** Opening Provided material block **

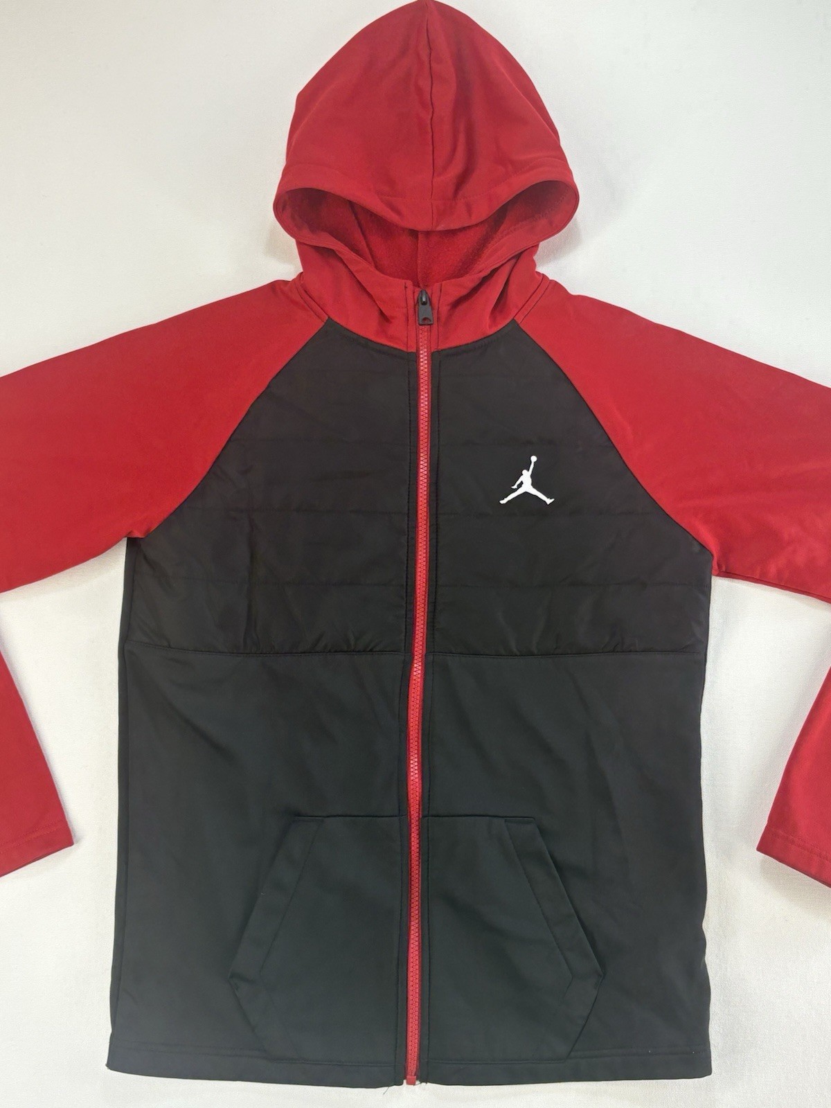 Jordan Boy s Full Zip Hooded Jacket Hybrid Puffer Size XL Black Red Jumpman
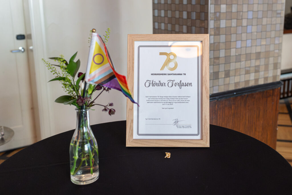 Laugardaginn 17. maí 2025 var Hörður Torfason sæmdur heiðursmerki Samtakanna ‘78 við hátíðlega athöfn á Hótel Borg. Margt var um manninn og mikil gleði og þakklæti í loftinu. Um tónlist sáu Elijah Kristinn Tindsson, sigurvegari söngkeppni Samfés 2025, og Egill Andrason, píanóleikari.
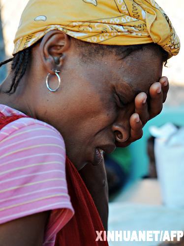 1月22日,在海地首都太子港,一位頭痛的婦女在一家以色列急診診所等待就醫。國際紅十字組織官員當日說,海地地震災區目前已開始出現腹瀉、破傷風、流腦、呼吸道疾病等病癥。在太子港災區,一些地方已開始進行清掃、消毒、接種等災后防疫工作。新華社/法新
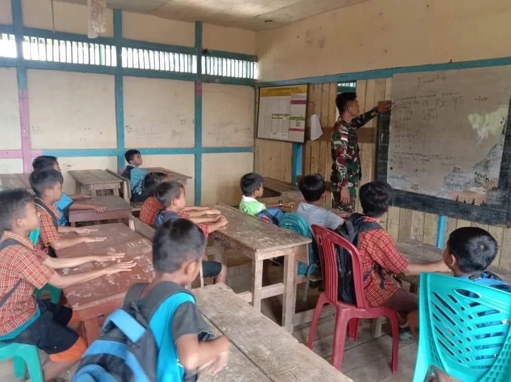 “Kegiatan belajar-mengajar dilakukan oleh personel Satgas Yonarmed 19/105 Trk Bogani Pos Sei Tekam yaitu Serda Rahmad dan 3 personel lainnya dengan materi pelajaran Matematika.” Ujar Dansatgas.

** Closing Provided material block **

▶ [Task description]:
Your answer must be an exact copy of the listing, minus its pictures.

▶ [Solution]:
 Jordan Boy s Full Zip Hooded Jacket Hybrid Puffer Size XL Black Red Jumpman
 Laugardaginn 17. maí 2025 var Hörður Torfason sæmdur heiðursmerki Samtakanna ‘78 við hátíðlega athöfn á Hótel Borg. Margt var um manninn og mikil gleði og þakklæti í loftinu. Um tónlist sáu Elijah Kristinn Tindsson, sigurvegari söngkeppni Samfés 2025, og Egill Andrason, píanóleikari.
 1月22日,在海地首都太子港,一位頭痛的婦女在一家以色列急診診所等待就醫。國際紅十字組織官員當日說,海地地震災區目前已開始出現腹瀉、破傷風、流腦、呼吸道疾病等病癥。在太子港災區,一些地方已開始進行清掃、消毒、接種等災后防疫工作。新華社/法新
 “Kegiatan belajar-mengajar dilakukan oleh personel Satgas Yonarmed 19/105 Trk Bogani Pos Sei Tekam yaitu Serda Rahmad dan 3 personel lainnya dengan materi pelajaran Matematika.” Ujar Dansatgas.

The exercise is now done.